As early as 2033, Social Security benefits may be cut by as much as 23% without Congressional intervention.
This is due to the way that Social Security is structured. Program rules require money to come from within Social Security itself.
Since the Trust Fund is estimated to dry up by 2033, ongoing benefits must then be paid strictly from incoming payroll taxes.
This alone is not enough to fund benefits in full, which results in the estimated 23% drop in payouts.
While Congress has a number of ways to increase funding for Social Security, few of those are desirable.
One option, for example, is to raise payroll taxes from 12.4% to 17.3%. Another is to extend the retirement age.
But there’s a chance that any proposed fix is too little too late- or that there are no changes made at all. In either case, a cut in benefits will be coming at some point.
Whatever changes the Social Security Administration makes to the program are beyond your control.

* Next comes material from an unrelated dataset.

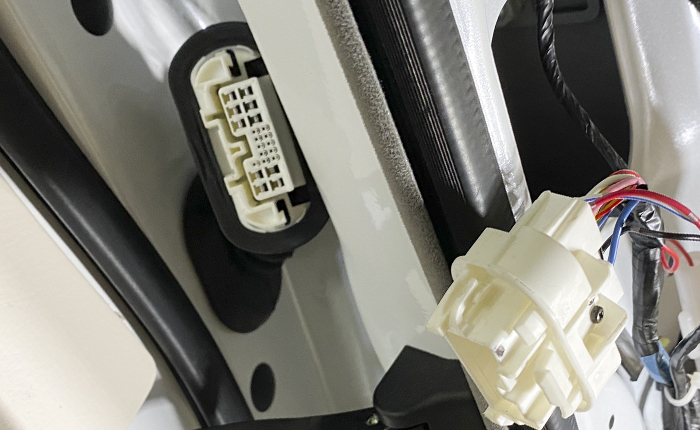 先程、ドア側のカプラーで行ったハーネス追加をこちらも施工。
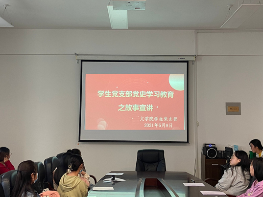5月8日晚,文学院学生党支部在学院会议室开展党史学习教育宣讲专题活动。活动由党支部书记贾国仓主持,全体学生党员、预备党员、党员发展对象、入党积极分子参加。

But there are two things you can do to boost your future benefit as high as possible, perhaps even enough to overcome any cuts. This is because the SSA uses just two factors to calculate your benefit amount: your income and your retirement age.
The first component, your income, is based on your highest 35 earning years only. If you have worked fewer than 35 years, each year you are short will count as no income for purposes of calculating your Social Security payout. In order to counteract any future cuts, you’ll want to earn as much as you can for at least 35 years.
The second component, your retirement age, also plays a large role in how much you’ll receive. Although “full retirement age” for most workers is now 67, you can file for benefits as early as age 62. But you’ll receive as much as 30% less than you would at your full retirement age.
If you can postpone filing for benefits until age 70, your benefit will increase by a significant 8% for each year between 67 and 70. In other words, at age 70 your benefit will be 24% more than it would be at your full retirement age.
Many workers can’t afford to wait until age 70 to file for benefits; but, if you’re looking for a way to increase your payout that’s in your control, you’ll want to delay claiming those checks for as long as possible.